50-State Property Tax Comparison Study
As the largest source of revenue raised by local governments, a well-functioning property tax system is critical for promoting municipal fiscal health. This report documents the wide range of property tax rates in 2015 for more than 100 U.S. cities and helps explain why they vary so widely. This context is important because high property tax rates usually reflect some combination of heavy property tax reliance with low sales and income taxes, low home values that drive up the tax rate needed to raise enough revenue, or higher local government spending and better public services. In addition, some cities use property tax classification, which can result in considerably higher tax rates on business and apartment properties than on homesteads.

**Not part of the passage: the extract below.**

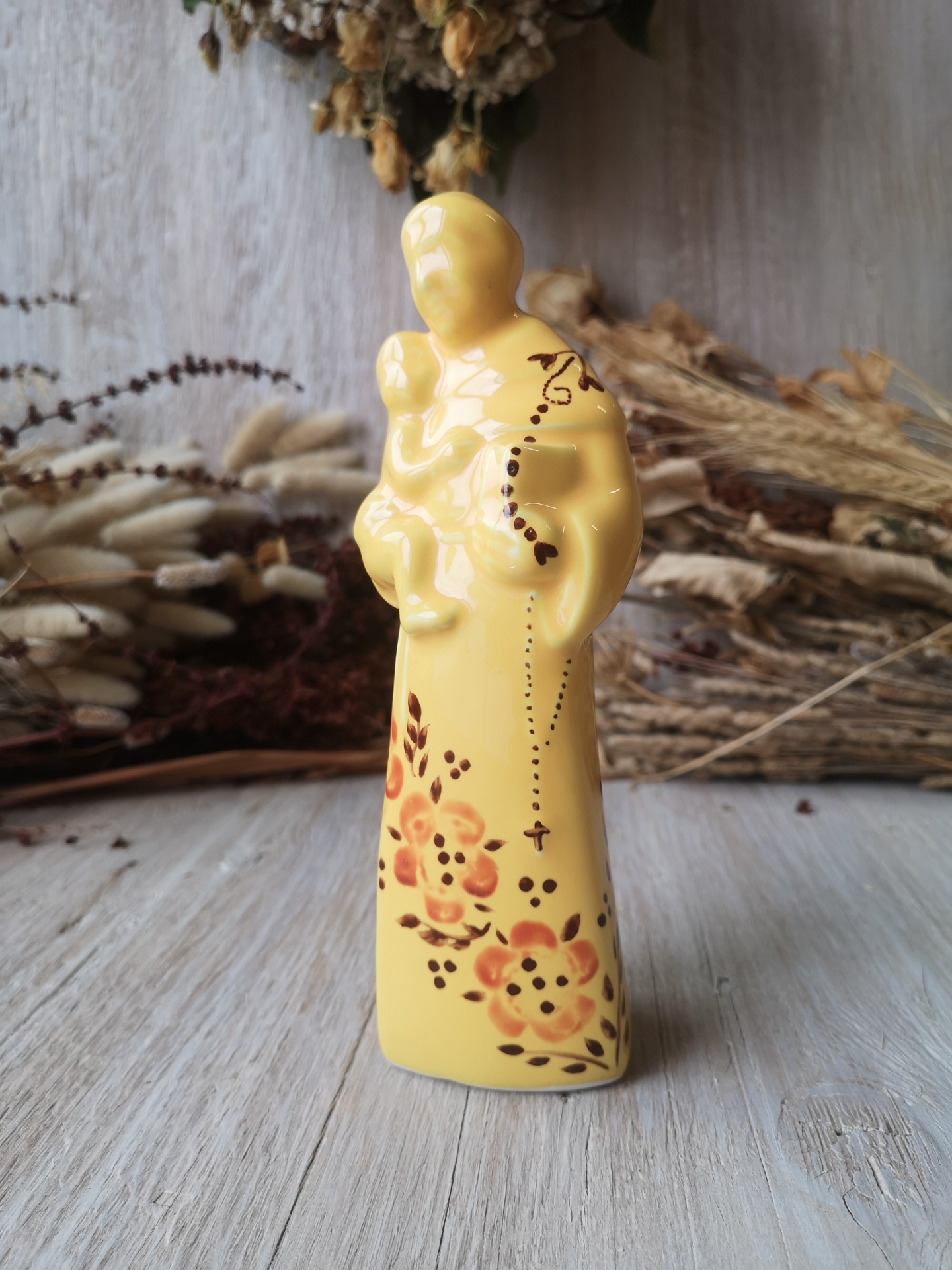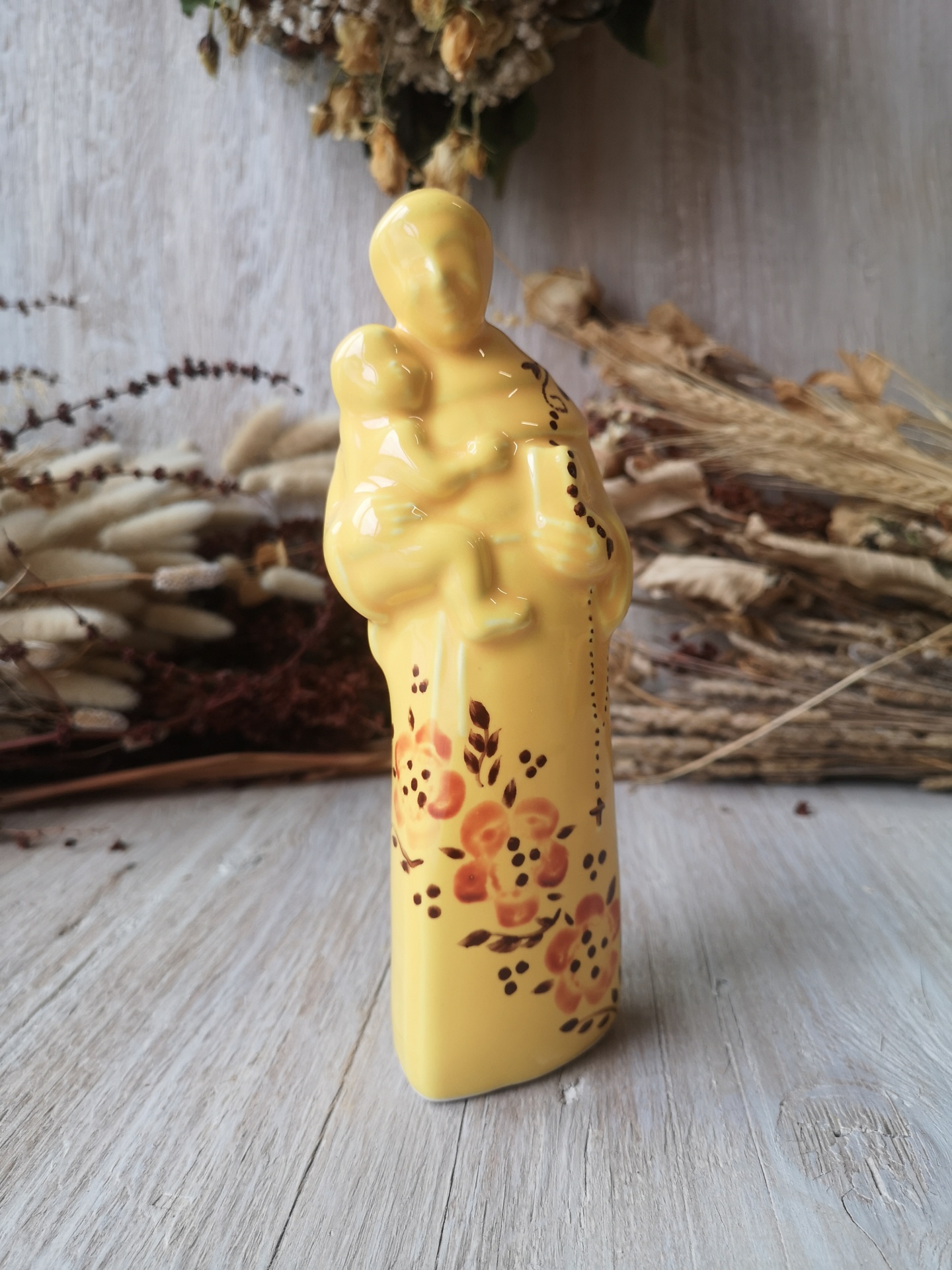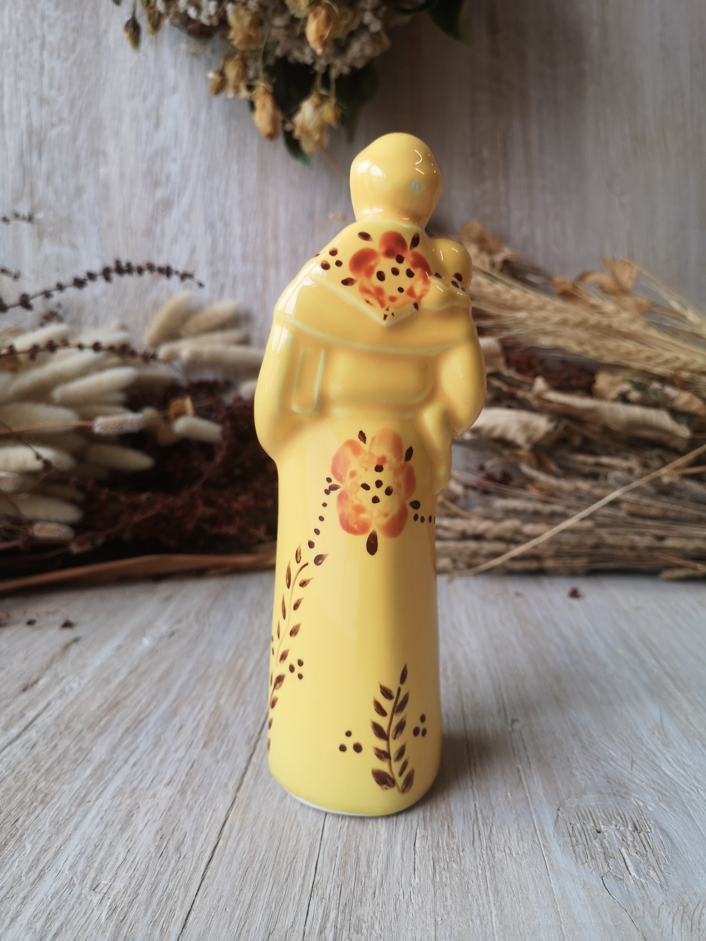 Estatueta cerâmica amarela de figura religiosa com criança e flores decorativas

This study provides the most meaningful data available to compare cities’ property taxes by calculating the effective tax rate: the tax bill as a percent of a property’s market value. Data are available for 73 large U.S. cities and a rural municipality in each state, with information on four different property types (homestead, commercial, industrial, and apartment properties), and statistics on both net tax bills (i.e., $3,000) and effective tax rates (i.e., 1.5 percent). The information provided here has important implications for cities because the property tax is a key part of the package of taxes and public services that affects cities’ competitiveness and quality of life.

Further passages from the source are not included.